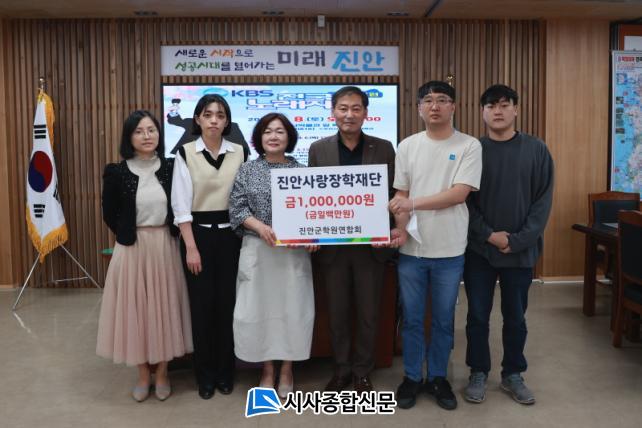 [½Ã»çÁ¾ÇսŹ® = ¿À½ÂÅà ±âÀÚ] Áø¾È±º Çпø¿¬ÇÕȸ(ȸÀå ¾È¼Û¼·)Àº Áø¾È»ç¶ûÀåÇÐÀç´Ü(ÀÌ»çÀå ÀüÃἺ)¿¡ ÀåÇÐ±Ý 100¸¸¿øÀ» Àü´ÞÇß´Ù.
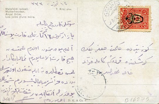 Ottoman Turkey: 1917 (22 July). Postcard used in Istanbul franked with 20pa PTT overprinted war issue of 1917 tied by KIZILTOPRAK – KIZIL-TOPRAK (vilayet Istanbul, A&P type 4) datestamp and faint GÖZTEPE – GUEUZ-TEPE (A&P type 2, R) arrival cds.
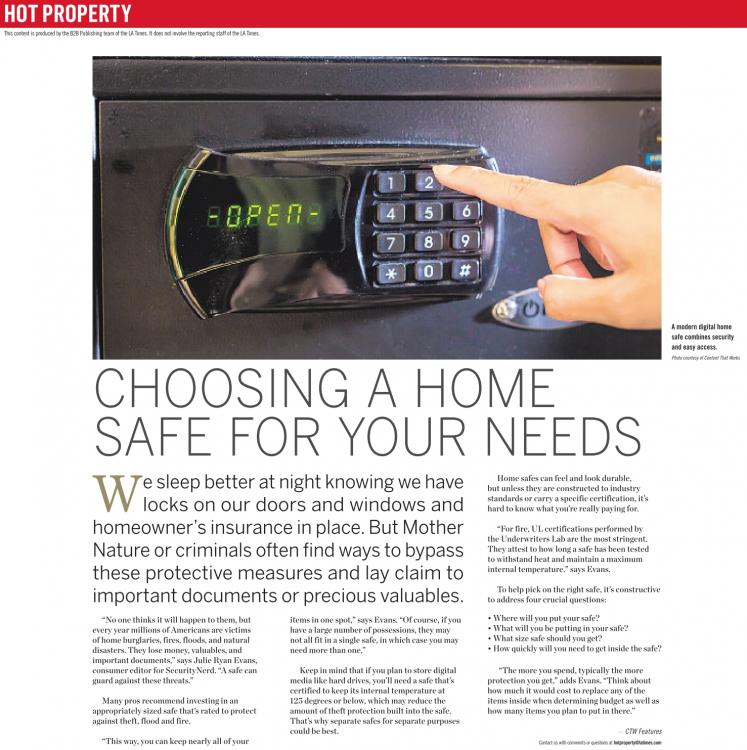 “Noone thinks it will happen to them, but everyyearmillions of Americans arevictims of home burglaries,fires,floods,and natural disasters.Theylosemoney, valuables,and important documents,” says Julie Ryan Evans, consumer editor for SecurityNerd. “A safe can guardagainstthesethreats.”
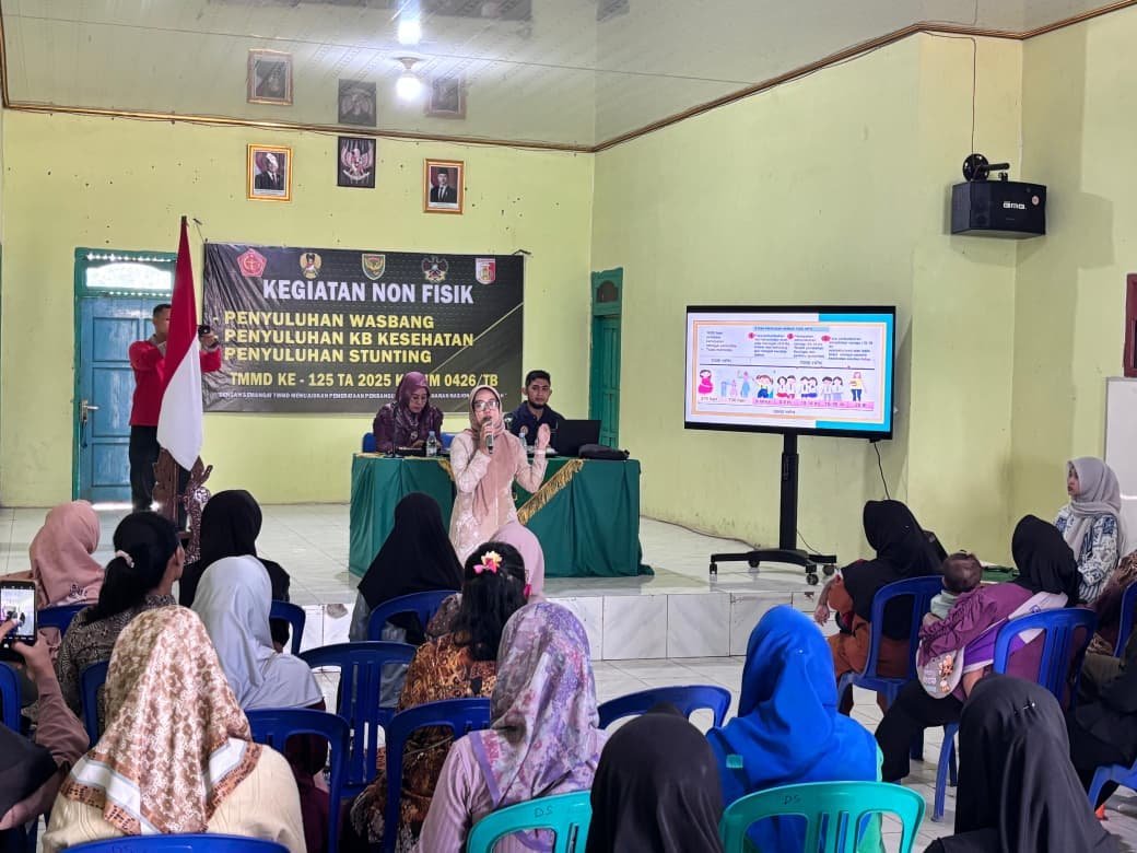 Tulang Bawang – Sebagai bagian dari kegiatan non-fisik, Satgas TNI Manunggal Membangun Desa (TMMD) ke-125 menggelar penyuluhan stunting di Kampung Moris Jaya, Kecamatan Banjar Agung, Kabupaten Tulang Bawang, Jumat (15/8/2025). Kegiatan ini bertujuan memberikan edukasi kepada masyarakat tentang pencegahan stunting dan pentingnya gizi seimbang bagi tumbuh kembang anak.
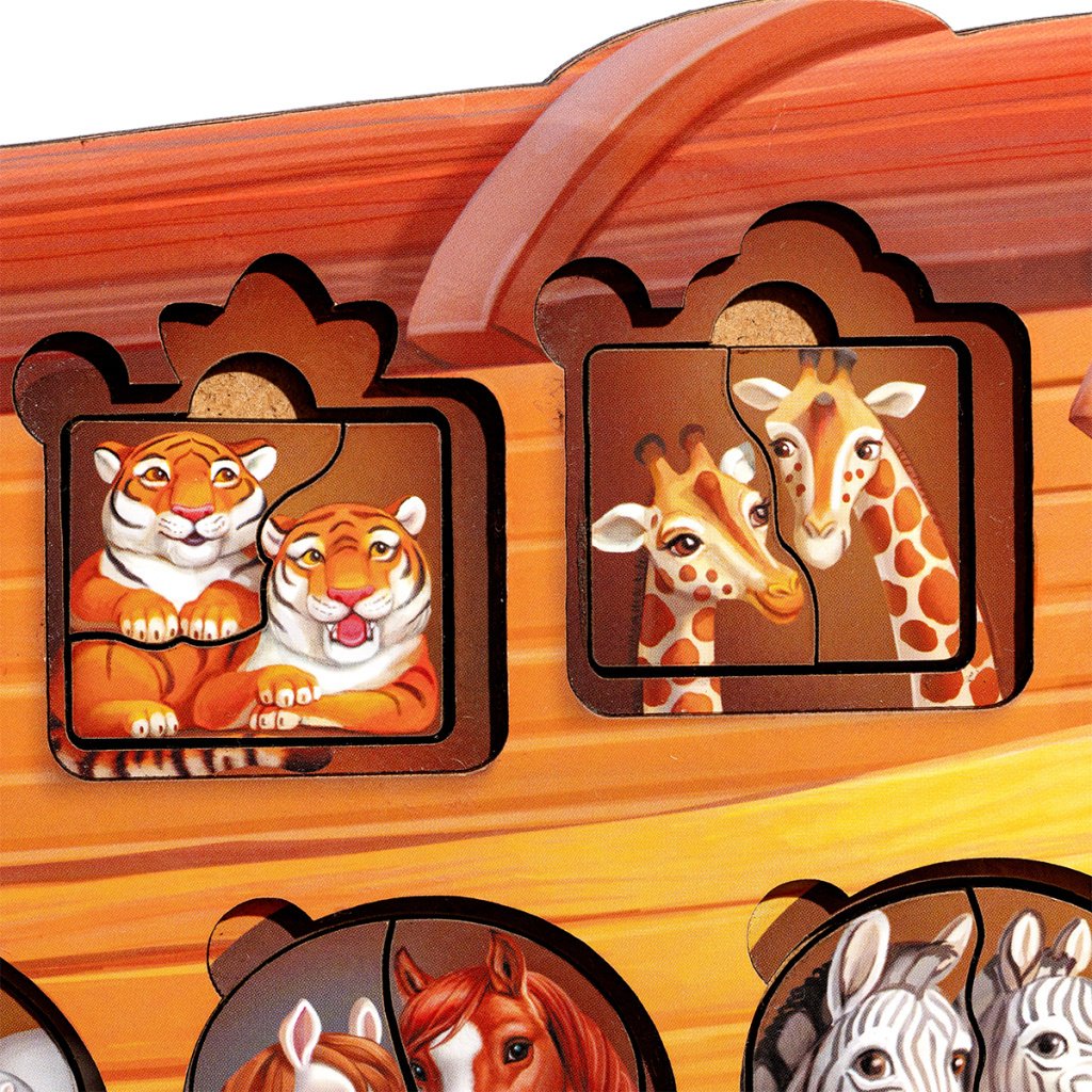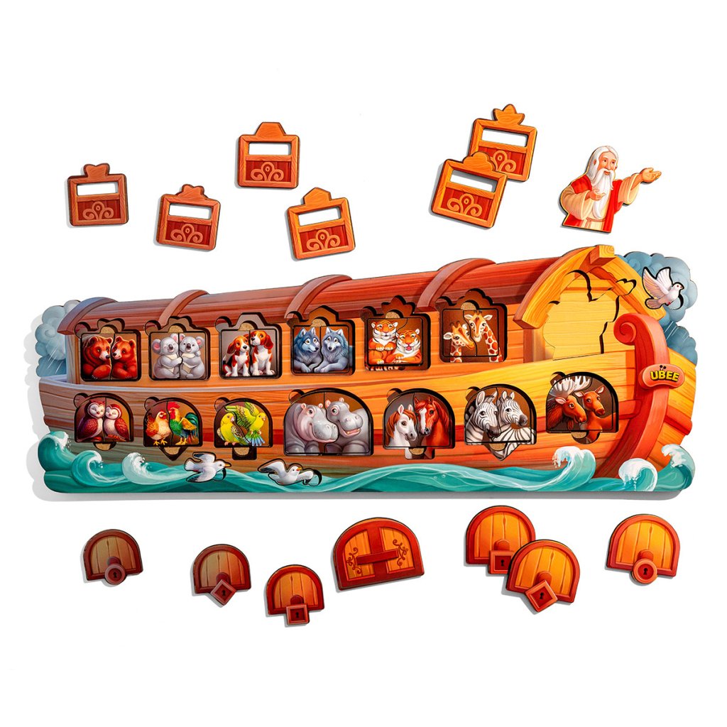 Velké dvouvrstvé puzzle (48 cm) s vánočním křesťanským motivem Noemovy archy. Skládání ve dvou vrstvách, spousta dílků. Identifikace zvířátek, vyprávění známého příběhu. Puzzle procvičí jemnou motoriku, prostorovou orientaci, soustředění, zrakové vnímání, koordinaci oko-ruka. Všechny zvířátka jsou dvakrát, dítě je může skládát také mimo podložku jako klasické puzzle-polovinky (každý dvojice má jinak tvarovaný spoj).
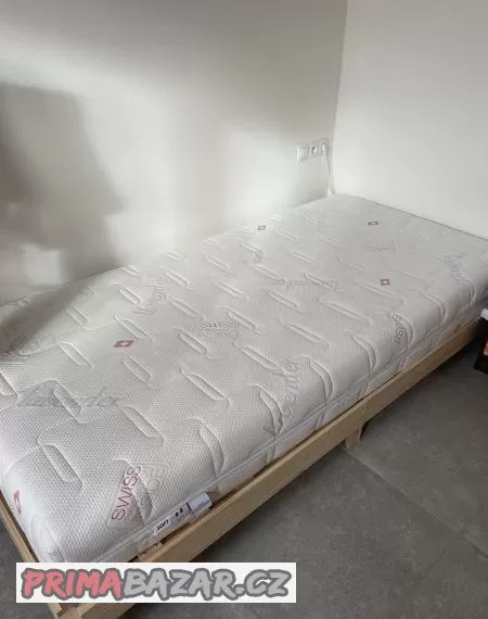 Prodám postel 100x200 z masivu (smrk) se zdravotní matrací. Postel zakoupena duben 2023, matrace březen 2023. Velice málo používané, jako nové. cena nové postele 2619kč, cena nové matrace 12420kč.
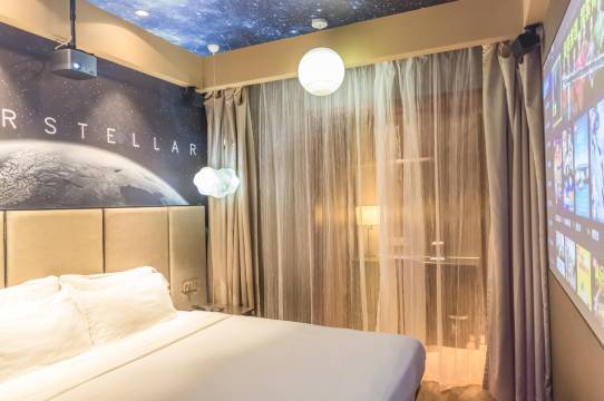孩子喜欢这样能看电影的房间,就像在电影院的感觉,让我继续这个住,因为有事儿,不得不离开,以后有机会的在继续住。免费给升级了有窗户的房间,主要是态度好。
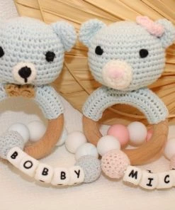 Luppa Rammelaar Olifant – Houten Rammelaar – Bijtspeelgoed – Cadeau – Siliconen- Blauw – Grijs
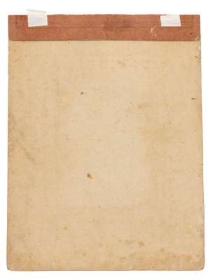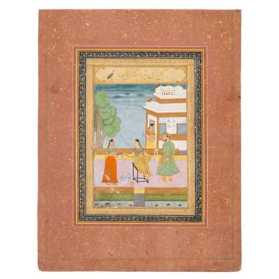 gouache on paper heightened in gold, mounted on to an album page with white and gold margin rules, with gold and dark blue borders, a gold sprinkled outer border, depicting a lady dressed in gold and seated on a black stool, to the right a male courtier dressed in green and gold holding out a garland to her, to the left of her a female attendant holds out a blue and white dish in which she is dipping part of her sash, a tree and palace building behind, four cranes are flying in the sky, an inscription-filled cartouche in gold above with a standing crane
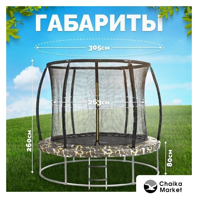 пружинный (каркасный) круглый, диаметр (диагональ): 312 см, нагрузка: 150 кг, с сеткой, с лестницей
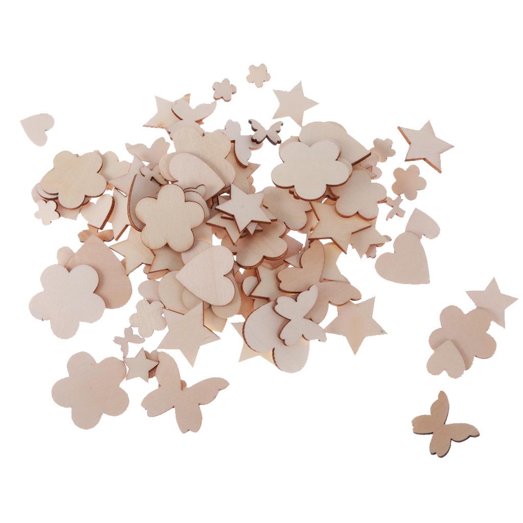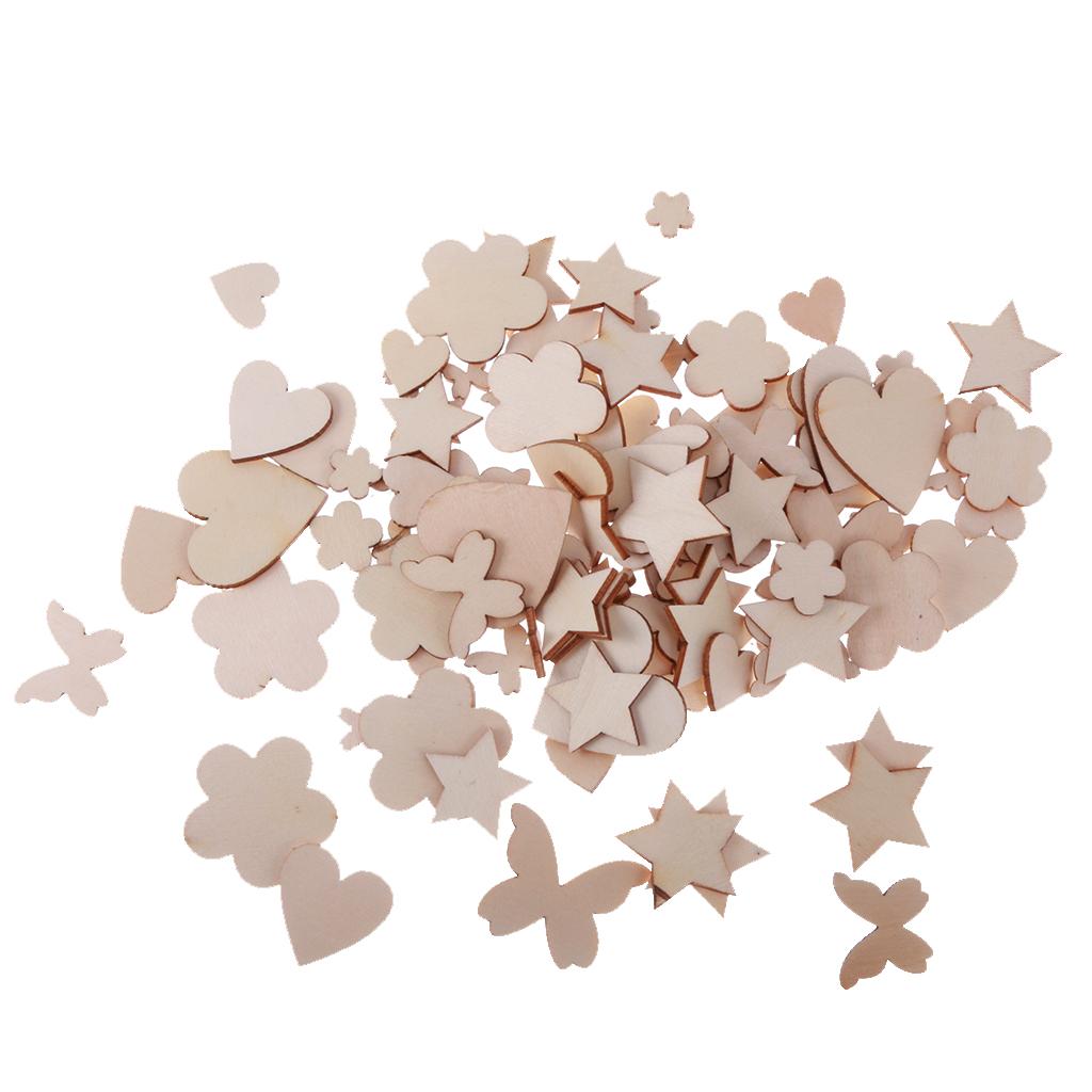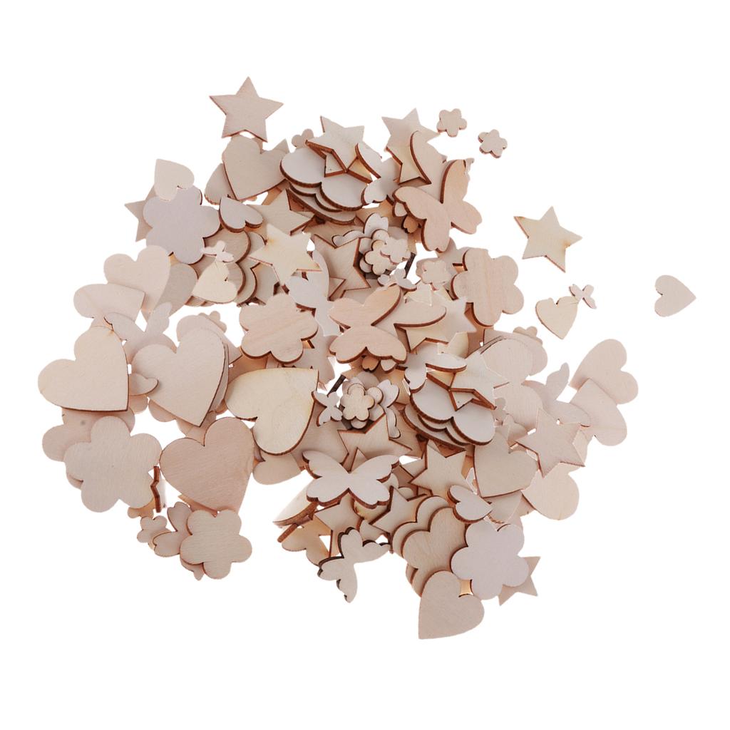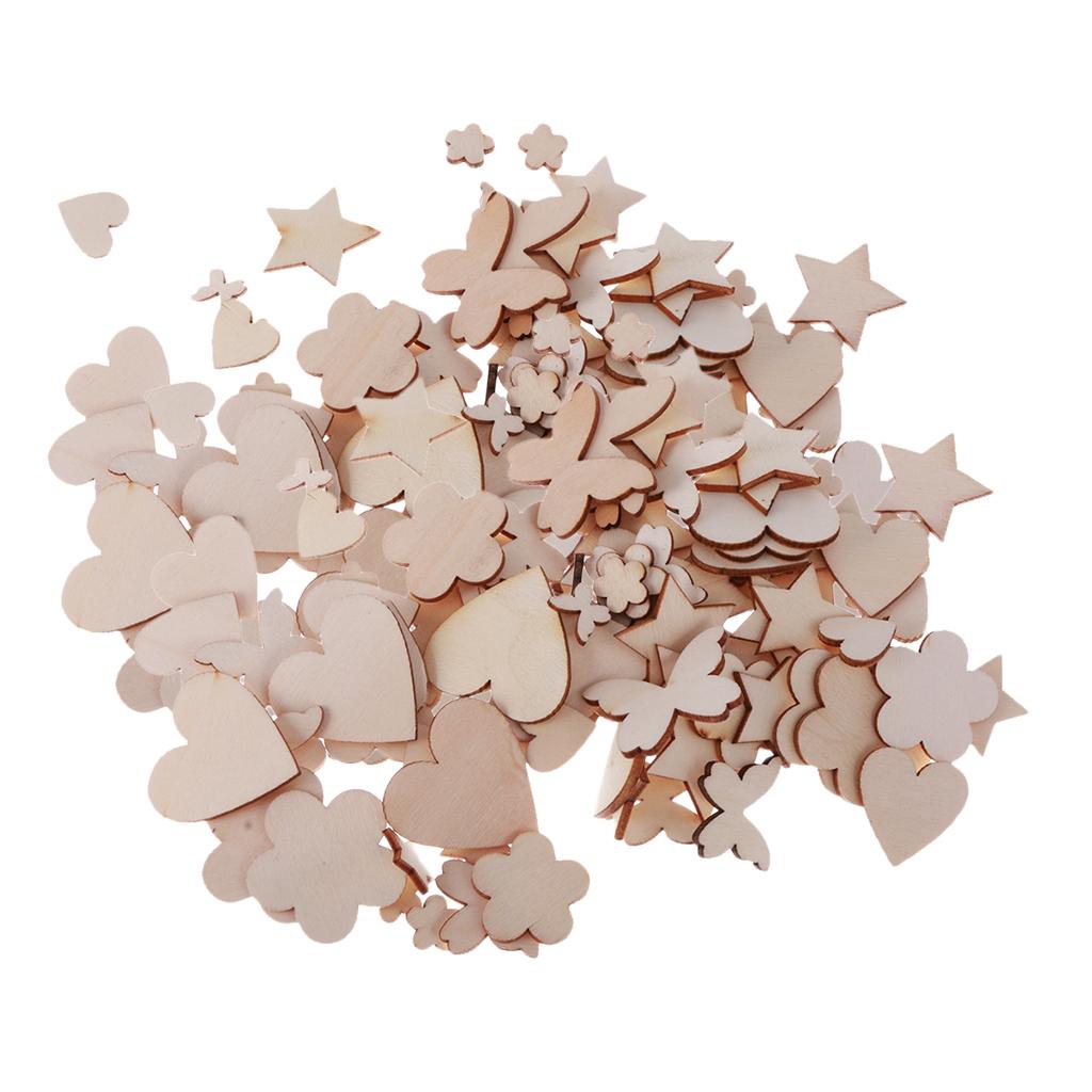 200Pcs Lots natural cutout wood embellishment crafts comes with star heart plum butterlfy shapes, assorted sizes meet all your needs.

--------------------------------

> [Directions for this task] All the data above is to be transcribed exactly, with no pictures included.

> [Response for this exercise]
 [½Ã»çÁ¾ÇսŹ® = ¿À½ÂÅà ±âÀÚ] Áø¾È±º Çпø¿¬ÇÕȸ(ȸÀå ¾È¼Û¼·)Àº Áø¾È»ç¶ûÀåÇÐÀç´Ü(ÀÌ»çÀå ÀüÃἺ)¿¡ ÀåÇÐ±Ý 100¸¸¿øÀ» Àü´ÞÇß´Ù.
 Ottoman Turkey: 1917 (22 July). Postcard used in Istanbul franked with 20pa PTT overprinted war issue of 1917 tied by KIZILTOPRAK – KIZIL-TOPRAK (vilayet Istanbul, A&P type 4) datestamp and faint GÖZTEPE – GUEUZ-TEPE (A&P type 2, R) arrival cds.
 “Noone thinks it will happen to them, but everyyearmillions of Americans arevictims of home burglaries,fires,floods,and natural disasters.Theylosemoney, valuables,and important documents,” says Julie Ryan Evans, consumer editor for SecurityNerd. “A safe can guardagainstthesethreats.”
 Tulang Bawang – Sebagai bagian dari kegiatan non-fisik, Satgas TNI Manunggal Membangun Desa (TMMD) ke-125 menggelar penyuluhan stunting di Kampung Moris Jaya, Kecamatan Banjar Agung, Kabupaten Tulang Bawang, Jumat (15/8/2025). Kegiatan ini bertujuan memberikan edukasi kepada masyarakat tentang pencegahan stunting dan pentingnya gizi seimbang bagi tumbuh kembang anak.
 Velké dvouvrstvé puzzle (48 cm) s vánočním křesťanským motivem Noemovy archy. Skládání ve dvou vrstvách, spousta dílků. Identifikace zvířátek, vyprávění známého příběhu. Puzzle procvičí jemnou motoriku, prostorovou orientaci, soustředění, zrakové vnímání, koordinaci oko-ruka. Všechny zvířátka jsou dvakrát, dítě je může skládát také mimo podložku jako klasické puzzle-polovinky (každý dvojice má jinak tvarovaný spoj).
 Prodám postel 100x200 z masivu (smrk) se zdravotní matrací. Postel zakoupena duben 2023, matrace březen 2023. Velice málo používané, jako nové. cena nové postele 2619kč, cena nové matrace 12420kč.
孩子喜欢这样能看电影的房间,就像在电影院的感觉,让我继续这个住,因为有事儿,不得不离开,以后有机会的在继续住。免费给升级了有窗户的房间,主要是态度好。
 Luppa Rammelaar Olifant – Houten Rammelaar – Bijtspeelgoed – Cadeau – Siliconen- Blauw – Grijs
 gouache on paper heightened in gold, mounted on to an album page with white and gold margin rules, with gold and dark blue borders, a gold sprinkled outer border, depicting a lady dressed in gold and seated on a black stool, to the right a male courtier dressed in green and gold holding out a garland to her, to the left of her a female attendant holds out a blue and white dish in which she is dipping part of her sash, a tree and palace building behind, four cranes are flying in the sky, an inscription-filled cartouche in gold above with a standing crane
 пружинный (каркасный) круглый, диаметр (диагональ): 312 см, нагрузка: 150 кг, с сеткой, с лестницей
 200Pcs Lots natural cutout wood embellishment crafts comes with star heart plum butterlfy shapes, assorted sizes meet all your needs.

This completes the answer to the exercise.